Image courtesy of © Rafael Suanes-Imagn Images

The thought process behind the move was clear when the Chicago Cubs acquired Isaac Paredes from the Tampa Bay Rays on July 28. Viewing from afar, the Cubs were swapping out an underperforming third baseman with a very high ceiling in Christopher Morel for an overperforming one who has probably already realized his ceiling in Paredes. Paredes is a free agent as soon as 2028, while Morel is as soon as 2029, so the Cubs gave up one year of team control and two relief prospects in Ty Johnson and Hunter Bigge for the swap. 

The Cubs likely felt that Paredes guaranteed the team more production from the hot corner for the next few seasons. That wasn’t a crazy thought, either. The Cubs’ new third baseman boasts a 123 wRC+ since 2022, according to FanGraphs, which is 40th in all of baseball, right around names like Christian Yelich, Fernando Tatis Jr., and Randy Arozarena. Morel, on the other hand, was costing the Cubs defensively at third base and couldn’t seem to translate the ability to hit the ball hard into consistent offensive results. As a team trying to win now, the Cubs couldn’t afford to wait around for him to figure it out. 
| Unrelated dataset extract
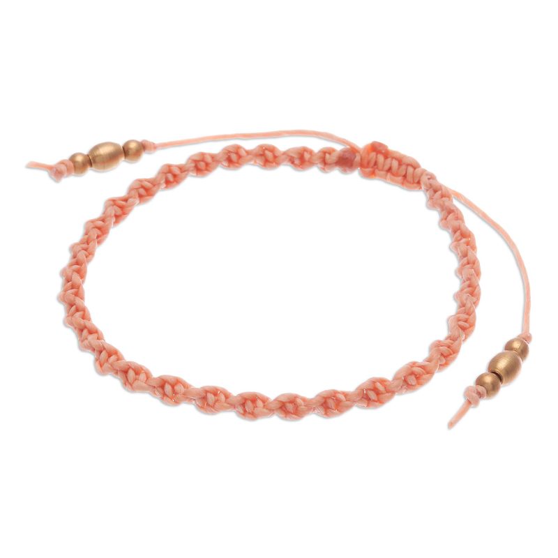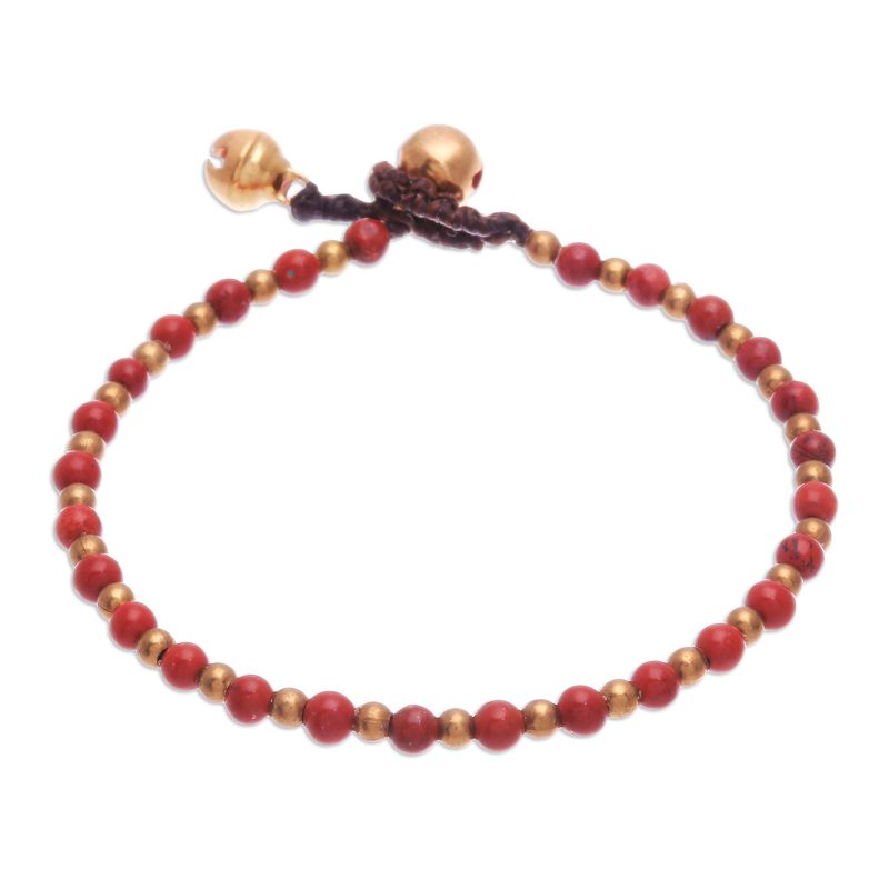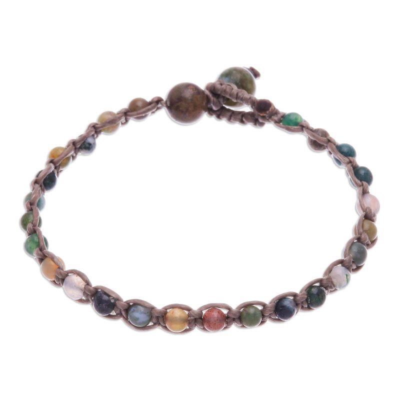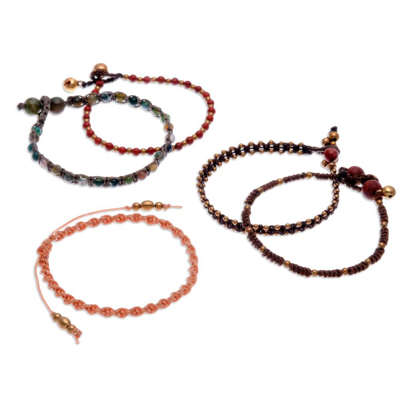 This set of five bracelets designed by Thai artisan Tiraphan Hasub gives you a pretty accessory for each day of the work week. The artisan hand knots waxed polyester cord around richly colored beads using macrame techniques to create the set. Each bracelet is embellished with a combination of red jasper, green agate, raintree wood beads, and shining brass.

Paredes did outperform Morel for the remainder of 2024, at least. That says more about how bad Morel was in Tampa Bay than anything else. Paredes posted a wRC+ of 86 with the Cubs, while Morel posted a putrid 59 wRC+ down in Florida. Comparisons to Morel won’t make Cubs fans feel secure in who their third baseman is for 2025; however, Paredes didn’t get the raw results in his two months with the Cubs to warrant security. What do the numbers beneath the hood say?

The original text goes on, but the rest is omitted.